Langsam und unflexibel – Klischees und Vorurteile über Ämter gibt es viele. Dort arbeiten? Langweilig, eintönig und nur mit viel Kaffee möglich. Dass dem nicht so ist und es sich eigentlich um das genaue Gegenteil handelt, bestätigt uns Josephine Post (17) im Gespräch über ihre Ausbildung zur Kauffrau für Büromanagement im Landratsamt Fürstenfeldbruck.
(lw) Für Josephine war schnell klar: Sie möchte direkt nach der Schule eine Ausbildung machen. Nur in welche Richtung es gehen sollte, wusste sie noch nicht. Wie viele Jugendliche wollte sie endlich aktiv werden, berufstätig sein und ihr eigenes Geld verdienen. Die 17-Jährige hat deshalb nach ihrem Realschulabschluss viel Zeit investiert, um zu recherchieren, was zu ihr passen könnte. Ihr war wichtig, etwas zu finden, woran sie Freude hat und das sie interessiert. Die Arbeit in einem Büro fand sie schon immer toll: „Mir hat der Gedanke gefallen, dass man an seinem Laptop sitzen kann und vielleicht ein kleines Team hat und da zusammenarbeitet“, so die Auszubildende. Auf das Landratsamt wurde Josephine schließlich auf einer Messe aufmerksam und war beeindruckt von den Möglichkeiten, die ihr eine Ausbildung dort bieten würde.

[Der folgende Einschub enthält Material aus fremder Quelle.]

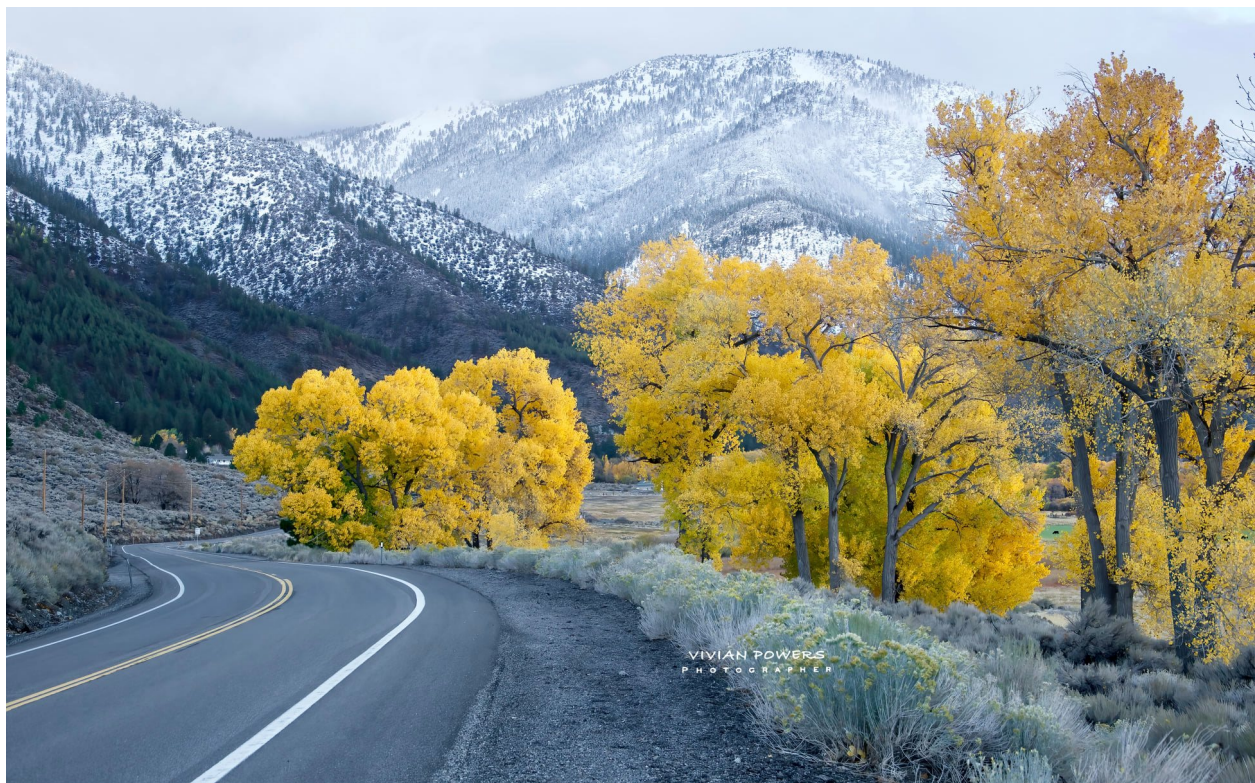
Nevada's oldest settlement, Genoa, Nevada, Oct. 27, 2021; photo credit: Vivian Powers Photography

CARSON VALLEY, Nev. (Nov. 3, 2021) – Winter has made an early appearance in the Sierra Nevada with record October precipitation in northern Nevada. The mountain peaks around Carson Valley are capped with feet of snow and nearby ski resorts are preparing for their earliest openings in as many as 70 years. It's time to dust off the snowsports gear, pack cozy sweaters, find the perfect fireside book and plan a winter escape to Carson Valley, a charming western ski town.

„Noten sind wichtig, aber nicht ausschlaggebend.“
Nach ihrer relativ spontanen Bewerbung zum Ende der Frist überzeugte Josephine und durfte schließlich als eine von über 20 Nachwuchskräften ihre Ausbildung im Landratsamt Fürstenfeldbruck beginnen. Dabei ist sie nur eine von Zweien, die zur Kauffrau für Büromanagement (KfB) ausgebildet werden – eine Fachrichtung, die 2025 dort erstmalig angeboten wurde. Formale Mindestvoraussetzung war, wie bei fast allen Ausbildungsrichtungen im Landratsamt, die Mittlere Reife bzw. der Realschulabschluss. Die Bewerbung konnte sie ganz einfach digital über das Onlineportal des Landratsamtes einreichen.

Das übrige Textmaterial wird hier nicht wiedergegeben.